I have a 4 1/2 feet fence in my front yard.and in my back yard is 8 feet do I have to worry about him jumping the front fence. the back yard is huge
I can box off huge space so he can run in the summer and stuff.
Another thing I did not think about.lol


----------



## ames (Jun 6, 2010)

Yes, and you may even have to worry about the 8ft depending upon what on the other side and how much your dog wants to get on the other side. Its all depends on how in shape your bully is and how athletic. Is your fence a chain link? Then the dog can climb up the fence very easily. But you should also worry about if they are able to dig out of the yard. That's a lot easier way to escape and faster if they get bored and start digging while unsupervised.
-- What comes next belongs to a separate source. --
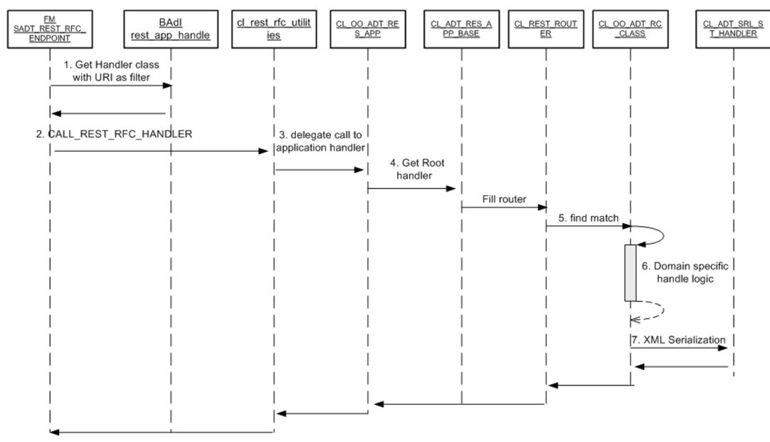 HTTP请求发送到后台之后,上述方法会调用一个统一的入口函数SADT_REST_RFC_ENDPOINT, 该函数和ADT后台框架其他处理逻辑的交互如下图所示:

As you can see these competition dogs jump over 10 feet with a flat wall, let alone having their feet to stick in a fence to climb.


----------



## Tazz (Jan 27, 2014)

The back fence is PVC is smooth.i won't leave the dog in the yard by him self. So I guess I will fence off the area thanks.


----------



## ames (Jun 6, 2010)

If they are always supervised it wouldn't be as big of an issue. My fence is 4 fee and mel is allowed off leash with me but I am diligent and aware of who is walking by and what is going on outside the fence so I can be sure to keep his attention on me.

Sent from Petguide.com App


----------



## Tazz (Jan 27, 2014)

Ok cool. I just went and saved his life .his day was up last Thursday .
I did not do any research on them.as least he is safe in my den in his crate.
I guess as long as they are watched he won't do any thing but iam still fence ing off part of the yard just for fletcher


----------



## Raiderblue (Jan 1, 2014)

Those real low and slow bullies can't jump over a frog lol. But I'm sure a classic bully can jump pretty high.


----------



## PerfectPit (Aug 2, 2010)

I have a 4ft chain fence. He will sit on the picnic table and watch people and cars go by but he is never left unsupervised. If given the opportunity I believe all dogs can jump/climb fences if given enough interest on what is on the other side


----------